Exercise input Block Start

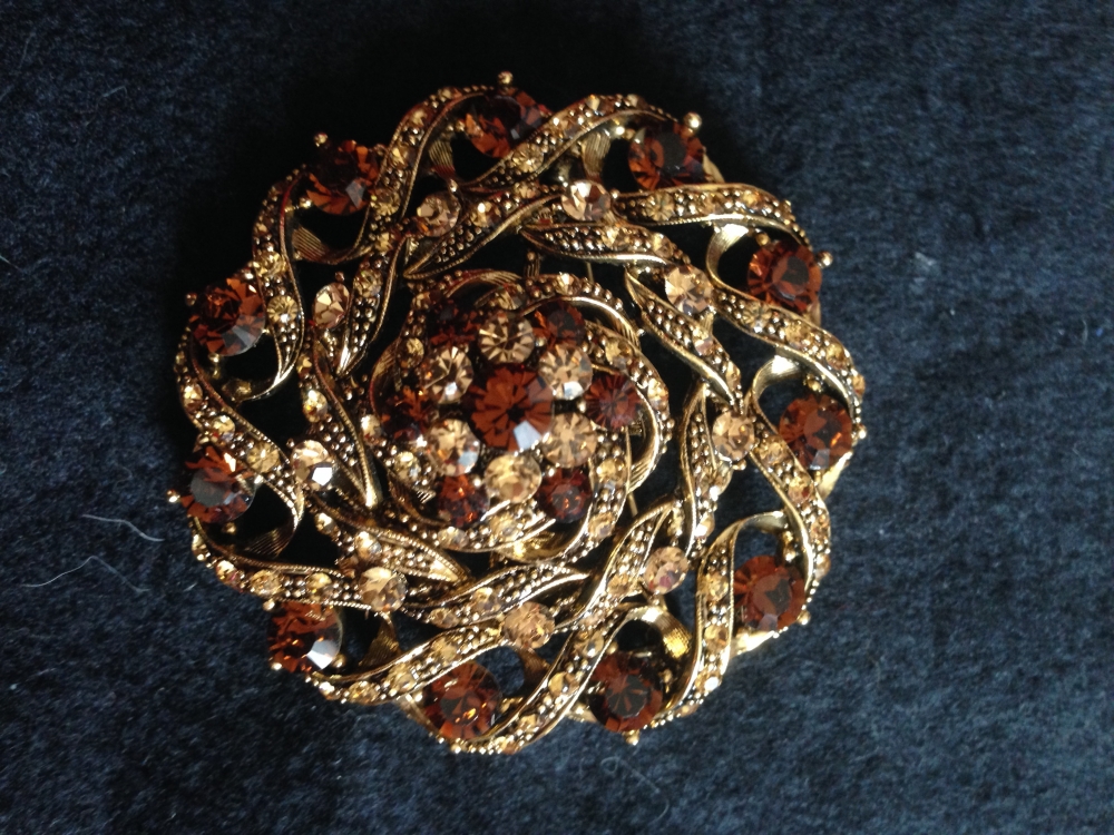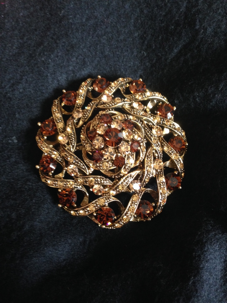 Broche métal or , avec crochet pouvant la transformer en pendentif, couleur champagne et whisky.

Exercise input Block End
Exercise input Block Start

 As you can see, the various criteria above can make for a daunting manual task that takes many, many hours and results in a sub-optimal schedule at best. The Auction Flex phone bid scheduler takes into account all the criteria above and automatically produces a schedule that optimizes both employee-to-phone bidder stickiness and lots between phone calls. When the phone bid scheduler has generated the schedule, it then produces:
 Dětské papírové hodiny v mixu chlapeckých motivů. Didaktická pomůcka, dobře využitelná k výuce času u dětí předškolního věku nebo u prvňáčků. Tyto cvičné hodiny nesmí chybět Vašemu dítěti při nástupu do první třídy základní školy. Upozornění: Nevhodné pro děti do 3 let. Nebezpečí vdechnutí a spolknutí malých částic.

Exercise input Block End

▶ **Your objective**: Above are the entries. Output exactly the lines beginning with the line that has "As you can see, the" and ending with the line that has "Dětské papírové hodiny".

▶ **Output for this task**:
 As you can see, the various criteria above can make for a daunting manual task that takes many, many hours and results in a sub-optimal schedule at best. The Auction Flex phone bid scheduler takes into account all the criteria above and automatically produces a schedule that optimizes both employee-to-phone bidder stickiness and lots between phone calls. When the phone bid scheduler has generated the schedule, it then produces:
 Dětské papírové hodiny v mixu chlapeckých motivů. Didaktická pomůcka, dobře využitelná k výuce času u dětí předškolního věku nebo u prvňáčků. Tyto cvičné hodiny nesmí chybět Vašemu dítěti při nástupu do první třídy základní školy. Upozornění: Nevhodné pro děti do 3 let. Nebezpečí vdechnutí a spolknutí malých částic.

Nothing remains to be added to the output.